## DATA SHOWN
= = = =
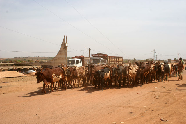 Cattle at N'Gaoundéré town street. Train station is at the back of the photo. Cameroon.
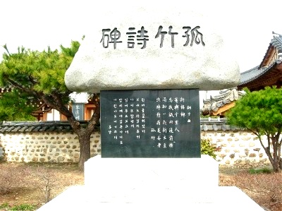 이 서있는데, 그 시비 앞면의 [孤竹詩碑]에는 홍랑의 [묏버들...] 시를 최경창이 漢譯한
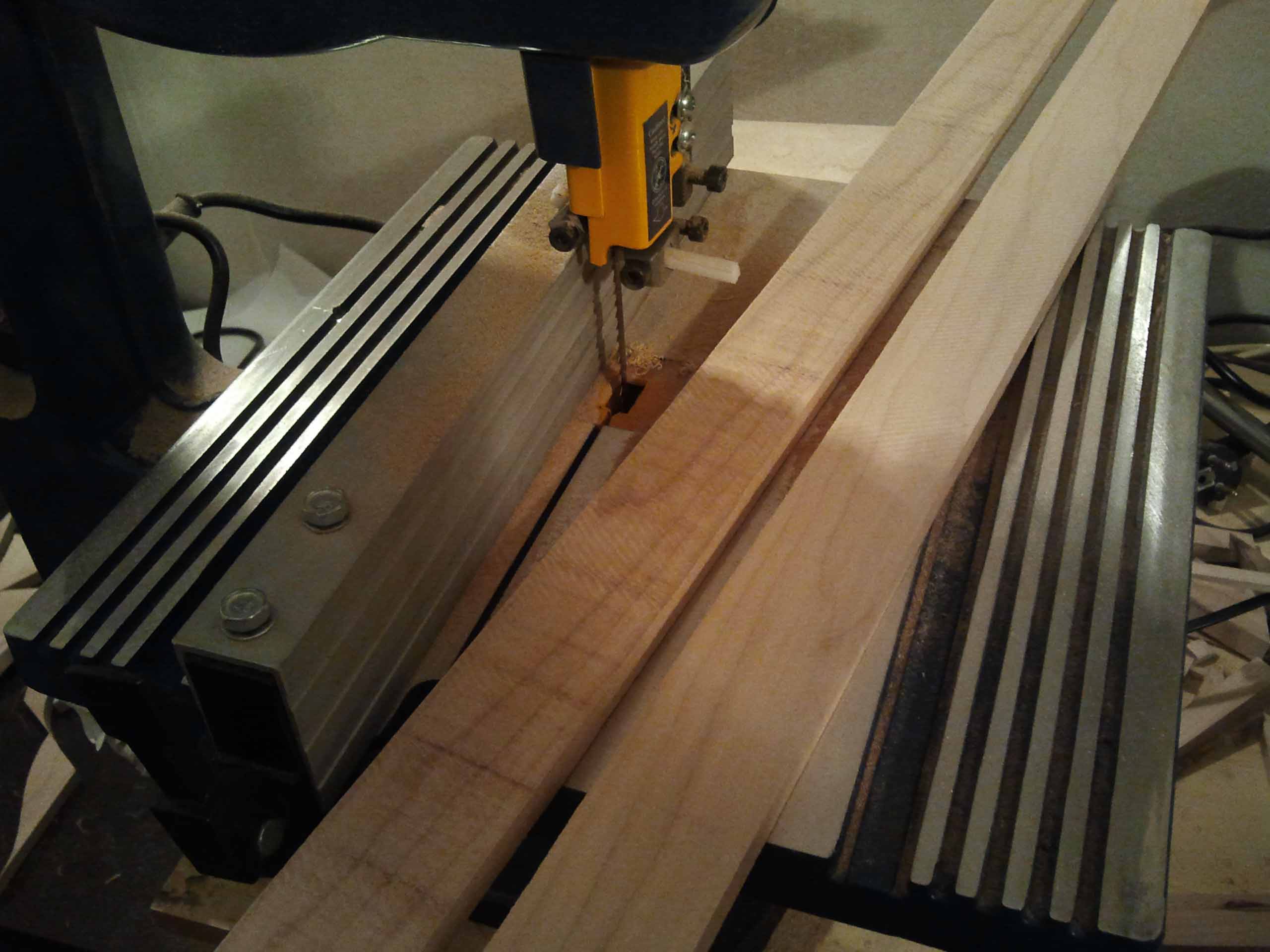 Dziś w ramach oszczędności materiału przeciąłem listwę o wymiarach 21,5x40 x ok 800 mm.Chciałem uzyskać dwie o grubości 10x40 x800mm.Udało się starczyło jeszcze na heblowanie.Piła taśmowa daje rzaz ok 1mm.
= = = =
## WORK TO BE COMPLETED
Everything from the line with "이 서있는데, 그 시비" through the last line of the listing above is to be copied exactly, both ends included, except the pictures.

## ANSWER TO THIS PROBLEM
 이 서있는데, 그 시비 앞면의 [孤竹詩碑]에는 홍랑의 [묏버들...] 시를 최경창이 漢譯한
 Dziś w ramach oszczędności materiału przeciąłem listwę o wymiarach 21,5x40 x ok 800 mm.Chciałem uzyskać dwie o grubości 10x40 x800mm.Udało się starczyło jeszcze na heblowanie.Piła taśmowa daje rzaz ok 1mm.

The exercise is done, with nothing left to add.